Create a wrapper which holds the rating and is comparable. Something like:
public void sort(Datum[] data) {
Rating[] ratings = new Rating[data.length];
for(int i=0;i<data.length;i++)
rating[i] = new Rating(data[i]);
Arrays.sort(rating);
for(int i=0;i<data.length;i++)
data[i] = rating[i].datum;
}
class Rating implements Comparable<Datum> {
final double rating;
final Datum datum;
public Rating(Datum datum) {
this.datum = datum;
rating = datum.field1 * 0.5 + datum.field2 * 1.4 + datum.field3 * 1.8
}
public int compareTo(Datum d) {
return Double.compare(rating, d.rating);
}
}
Implement your own similarity class and override idf(Term, Searcher) method.

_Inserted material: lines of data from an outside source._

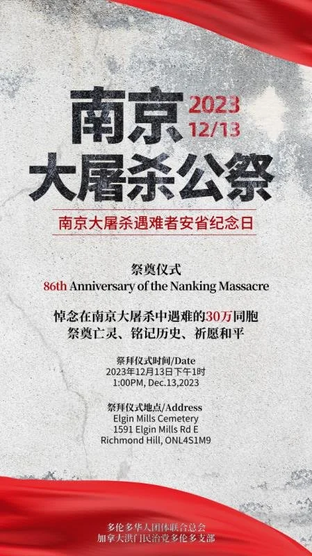 今年的12月13日是南京大屠杀惨案发生86周年,多伦多华人团体联合总会(CTCCO)联合加拿大中国洪门民治党多伦多支部共同倡议发起在南京大屠杀遇难者纪念碑前举行公祭仪式,欢迎各社团及民众个人自发参与。活动时间地点如下: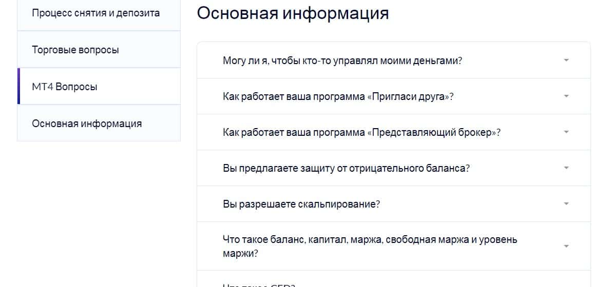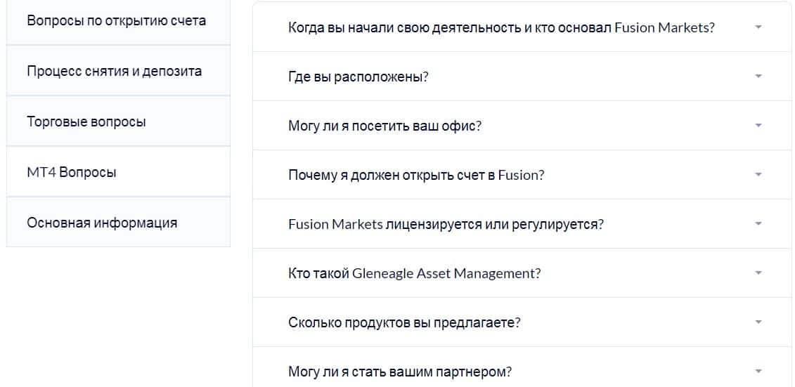 Ниже представлен скриншот с основными вопросами, которые рассматриваются в разделе сайта. Все типичные и ожидаемые, никаких секретов или подводных камней, аферисты Fusion Markets, конечно, выдавать не собираются. Их задача - слить побольше счетов, а для этого надо хорошенько втереться в доверие.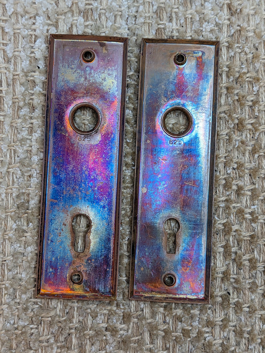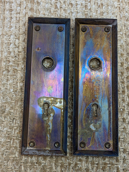 2 1/4" x 7" Pair Of Antique Stamped Steel Door Knob Plate Hardware
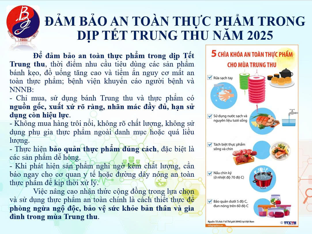 Song song với chủ đề tim mạch, bệnh viện cũng tuyên truyền tới người bệnh và người nhà về các biện pháp đảm bảo an toàn thực phẩm trong dịp Tết Trung thu, thời điểm nhu cầu tiêu dùng các sản phẩm bánh kẹo, đồ uống tăng cao và tiềm ẩn nguy cơ mất an toàn thực phẩm.

In this method, you can return the score as follows. if (term.field.equals("field1") {
if (term.field.equals("field1") {
score = 0.5 * Integer.parseInt(term.text());
} else if (term.field.equals("field2") {
score = 1.4 * Integer.parseInt(term.text());
} // and so on
return score;
When you execute the query, make sure it is on all the fields. That is query should look like
field1:term field2:term field3:term
The final score will also add some weights based on the query normalization. But, that will not affect the relative ranking of the documents as per the equation given by you.